Como chefe, os funcionários são altamente importantes. Em tempos de crise, além das preocupações com o negócio, é importante garantir a subsistência dos trabalhadores. Florita Alves salienta que pequenos restaurantes não querem encerrar, mas também não querem deixar o staff sem rendimentos, por isso acabam por abrir portas com relutância. “Como chefes, temos de viver com o prejuízo.”

Devido à pandemia, não quis ter muitos funcionários a trabalhar ao mesmo tempo, por isso a equipa foi dividida em dois grupos, que trabalham em turnos ao longo da semana. Florita Alves afirma: “Eu tive de dividir a minha equipa em dois grupos e pedir para que tirassem as suas férias anuais. Contudo, os dias de folga não são assim tantos, em pouco mais de duas semanas já tinham esgotado. Numa situação como esta teria de mandá-los com licença sem vencimento, apesar do salário já baixo que recebem? Estas licenças apenas criam um ciclo vicioso e empurram os funcionários para um canto.”

Dilema económico

“As medidas do governo são bem concebidas e amplas, abrangendo todos os membros da população, mas caso o governo insista nesta política “zero tolerância” acredito que não será possível abrirmos portas durante muito tempo”, Florita relembra quando se mudou para o atual local do restaurante no início de 2020, com esperança de que o surto fosse combatido com sucesso. “Apesar de termos encontrado um local com uma renda relativamente baixa, agora praticamente não a conseguimos sustentar.”

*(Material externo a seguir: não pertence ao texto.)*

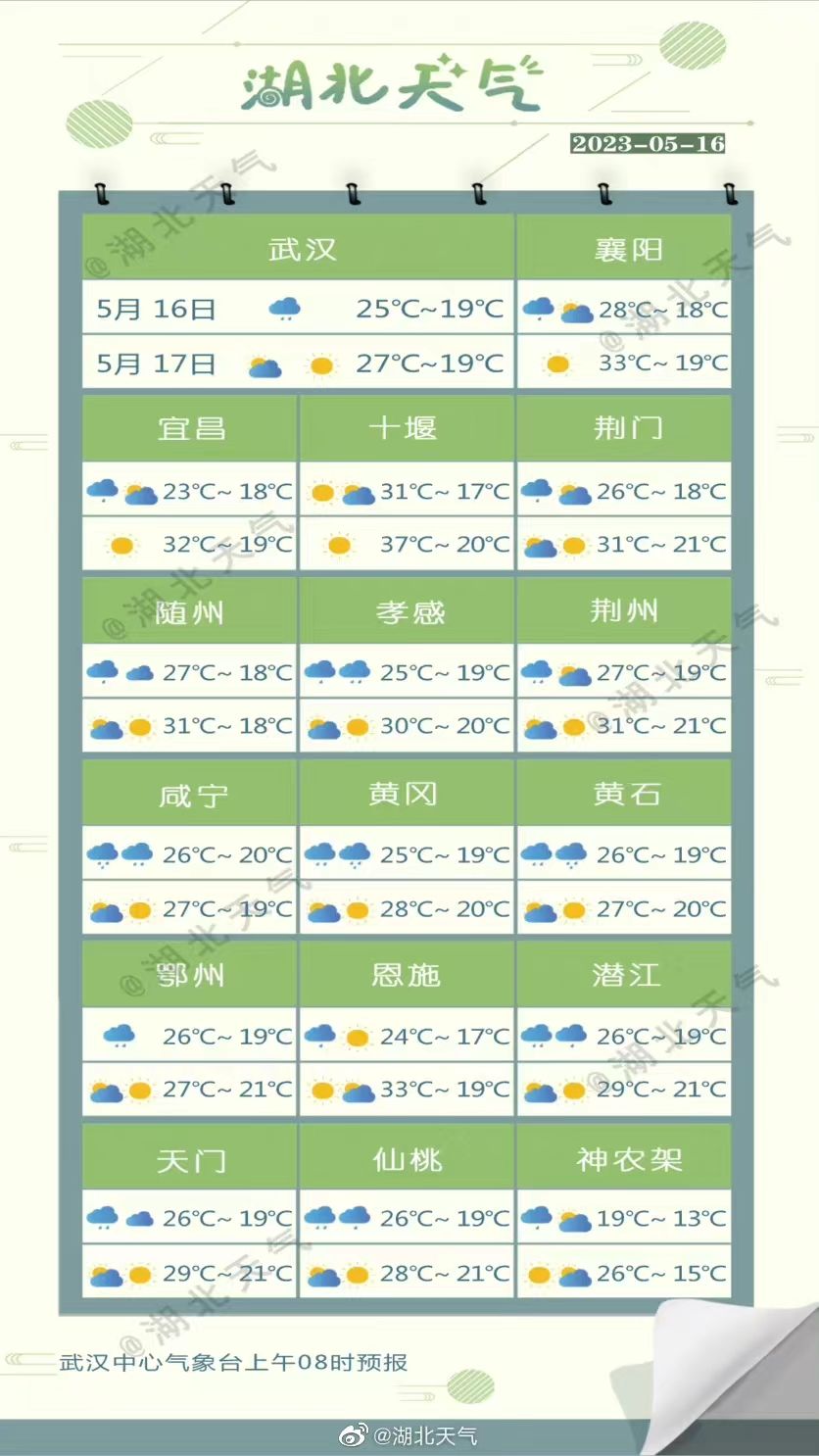 16日晚上:鄂东南、鄂东北东部阴天有小到中雨,局部大雨并伴有雷暴大风、短时强降水等强对流天气;鄂西北、鄂西南多云到晴天;其他地区阴天有阵雨。

Florita Alves continua: “Perguntou se as medidas do governo nos ajudaram? Nem por isso, é um auxílio que não é sustentável a longo prazo. Estamos a sofrer com esta pandemia há cerca de três anos, o restaurante foi aberto há 5, 3 em pandemia, não vejo como será possível continuar por muito mais.”

“A atitude do governo é bastante boa, com créditos sem juros a pequenas e médias empresas, mas na verdade desde que pedimos este empréstimo que todos os dias nos preocupamos com a possibilidade de não conseguir pagar o dinheiro de volta ao estado. Acredito que muitas pequenas e médias empresas tenham também pedido empréstimos.”

A macaense receia que depois do fim da pandemia Macau não consiga voltar a ser uma “capital gastronómica” com várias lojas e restaurantes a encerrar. “Não é uma afirmação pessimista, é a realidade que enfrentamos, conseguimos ver as dificuldades que o resto da população enfrenta. Diz-se que a medida de 10 milhões poderá ser gasta em pequenas e médias empresas, mas a questão é que estes 10 milhões só nos irão aguentar durante dois meses, e depois? O que fazemos depois?” Acrescenta: “O governo alocou imensos recursos, mas também têm de encontrar um equilibro. Será que as medidas atualmente implementadas merecem os recursos nelas gastos?”